More economists are beginning to predict a recession in the US in the next two years Federal Reserve Moves to rein in inflation are the hottest in a decade — including inflation that the Biden administration has repeatedly cited.
Mark Zandi, Moody’s chief economist — a respected economist who has often provided favorable analyzes of the White House agenda — said during a webinar this week that he believes the odds of a recession over the next two years are about 35%.
“The risk of the economy going into recession at some point in the next 12, 18, 24 months is very high, uncomfortably high. And I’d say it’s going up,” Zandi said.
This is in line with the file Goldman Sachs Predictions This suggests that the tightening policy path the US central bank is about to embark on raises the odds of a recession to 15% in the next 12 months and 35% in the next 24 months. Goldman analysts noted that 11 of the 14 tightening cycles since World War II have been followed by a recession within two years, although only eight of them can be partly attributed to Fed policy.

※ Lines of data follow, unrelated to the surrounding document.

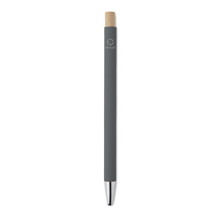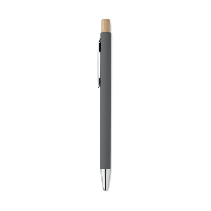 Recycled aluminium with bamboo push button. Silver tip and clip. Blue ink.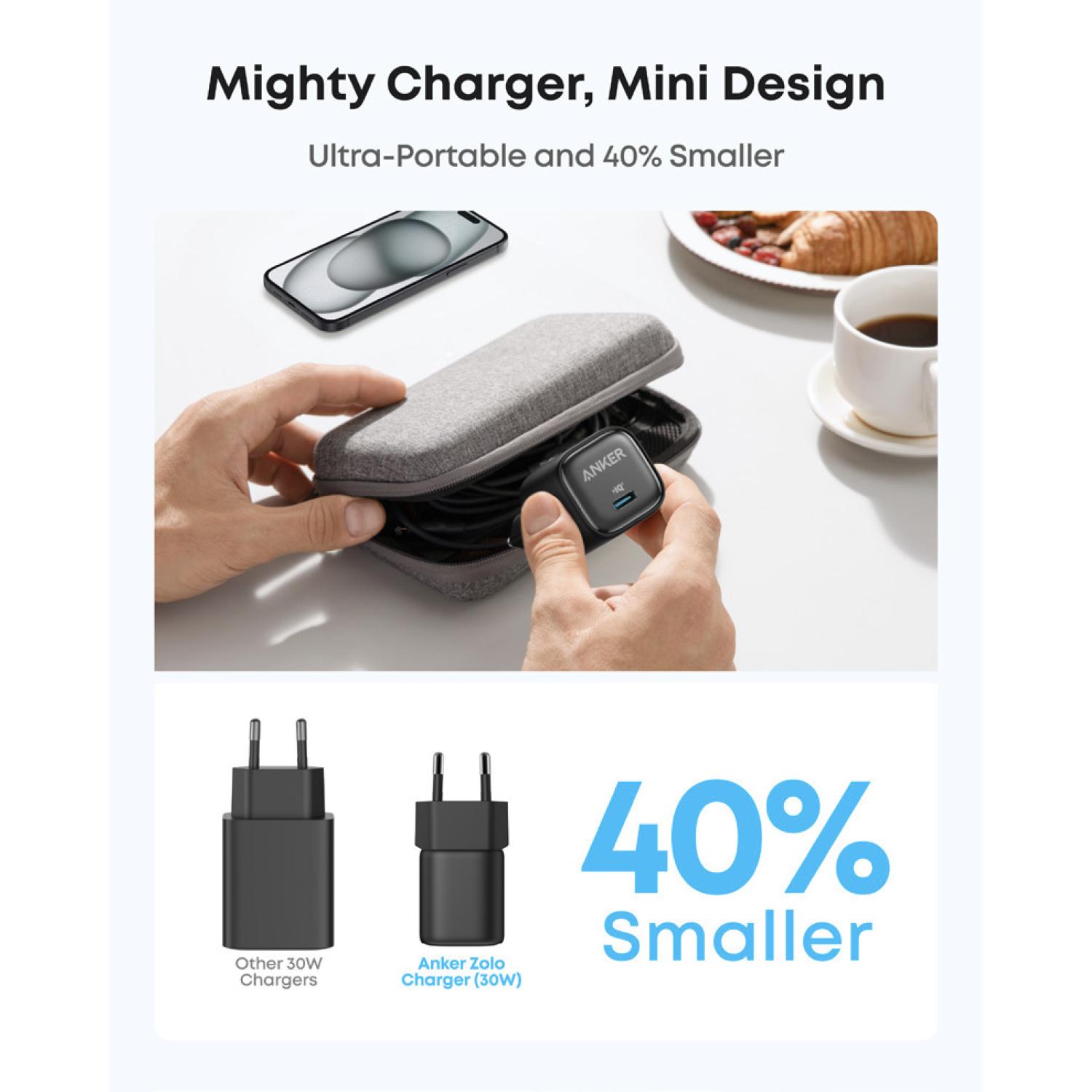 30W Anker Zolo Compact USB C PD Charger With Cable – 1 Port Black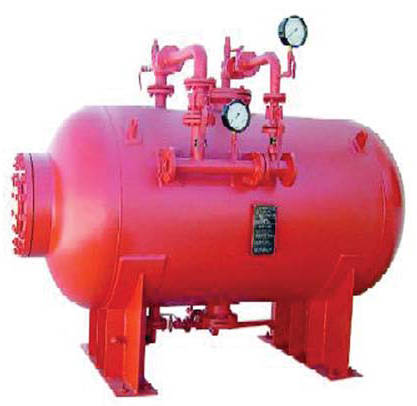 The assembly consisting bladder tank containing extinguishing agent Dry Chemical Powder or Foam with the facility to pressurize this agent through the means of Nitrogen gas filled in cylinder for Dry Chemical Powder and water pressure for Foam, which discharges into the pipe assembly or collapsible hose protecting the hazardous area.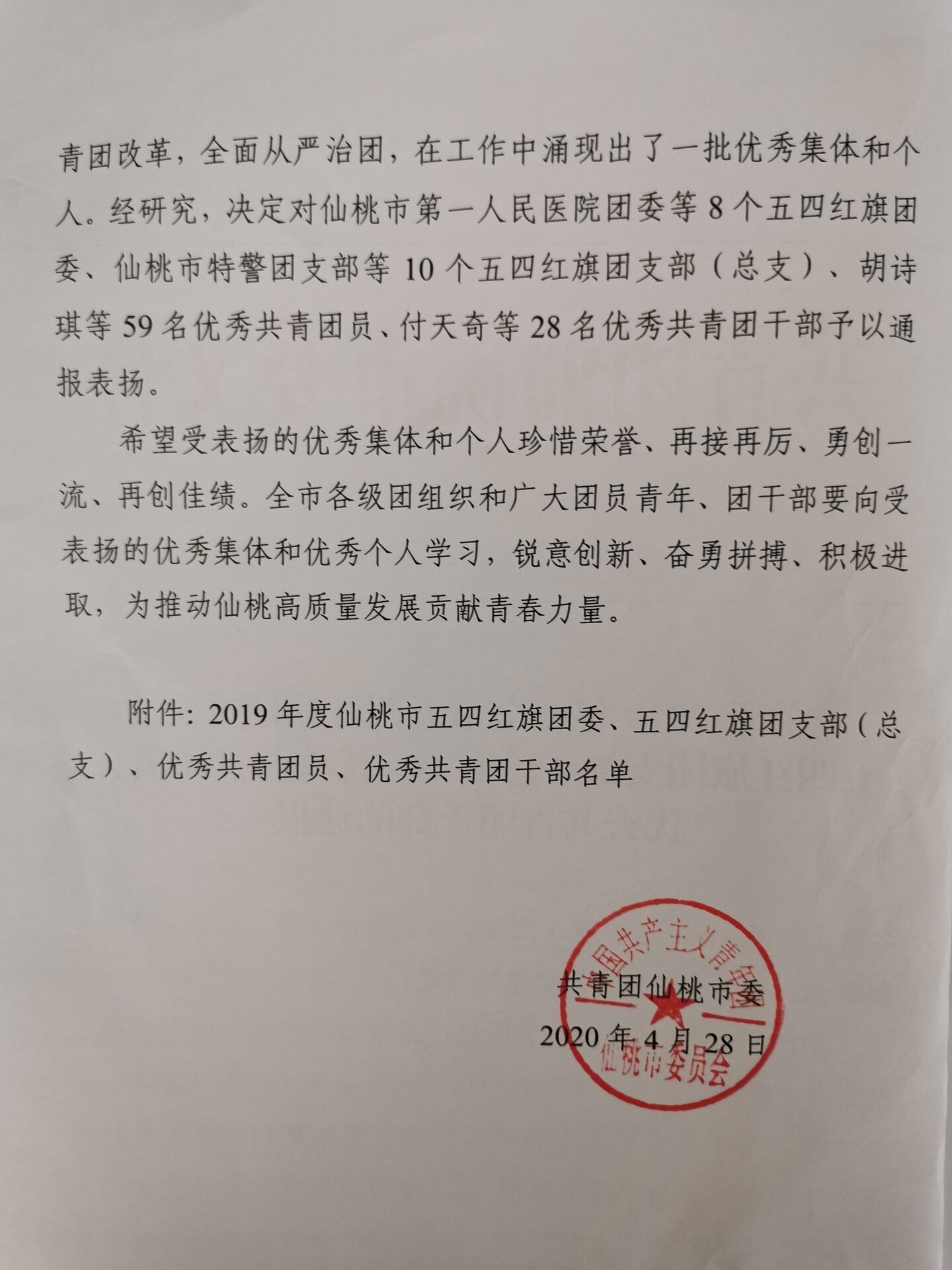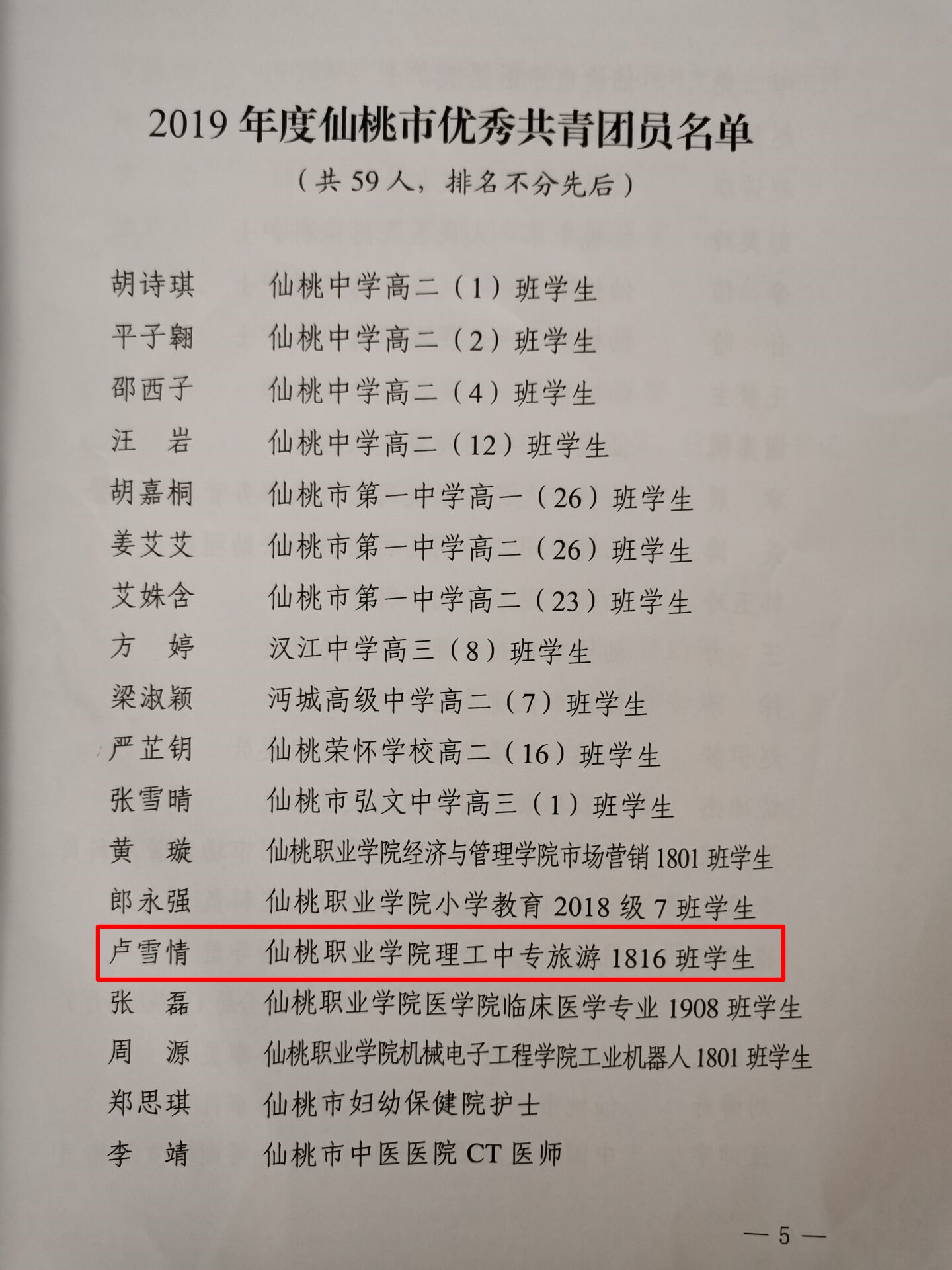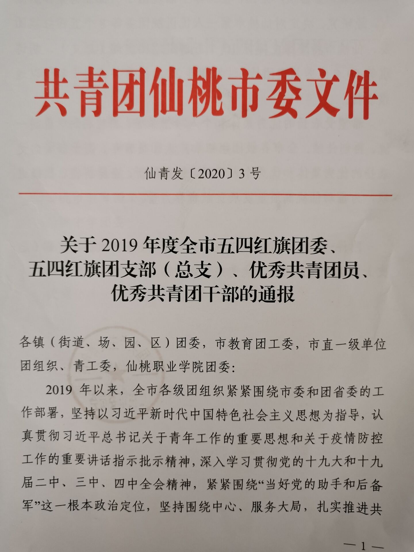 近日,共青团仙桃市委下发了关于2019年度全市五四红旗团委、五四红旗团支部(总支)、优秀共青团员、优秀共青团干部的通报。我校旅游与服务管理专业1816班学生卢雪情荣获2019年度仙桃市“优秀共青团员”称号!

The analyzes come as the Federal Reserve takes a more hawkish approach to fighting inflation, which is at its highest level since December 1981. Policy makers raised interest rates by a quarter of a percentage point in March and have since indicated the possibility of sharper increases of half a point. . In the coming months, starting in May.
“It is appropriate that we move a little more quickly,” the Fed chief said Jerome Powell He said Thursday during a panel discussion at the Spring Meetings of the International Monetary Fund and the World Bank. “I also think there’s something to the idea of forward-loading wherever one sees fit. So this points to a 50bp trend on the table.”
Traders are now pricing in a 100% chance of a rate hike of at least half a point when policy makers meet on May 3-4. This will be the first time since 2000 that the US central bank will raise the federal funds rate by 50 basis points.
Some economists believe that the Fed has waited too long to confront the inflationary explosion, while others have expressed concerns that moving too quickly to stabilize prices could trigger a recession. Higher interest rates tend to create higher rates on consumer and business loans, which slows the economy by forcing employers to cut back on spending.
Powell countered concerns that further tightening by the central bank would lead to a recession and maintained optimism that the Fed could strike a delicate balance between taming inflation without crushing the economy.
However, he acknowledged the difficulty of the task ahead, and said it was “absolutely necessary” for central bankers to restore price stability.
“Our goal is to use our tools to resynchronize demand and supply, so that inflation returns to where it is without slowing down to stagnation,” Powell said. “I don’t think you’ll hear anyone at the Fed say that’s straightforward. It’s going to be difficult.”
“Beer buff. Devoted pop culture scholar. Coffee ninja. Evil zombie fan. Organizer.”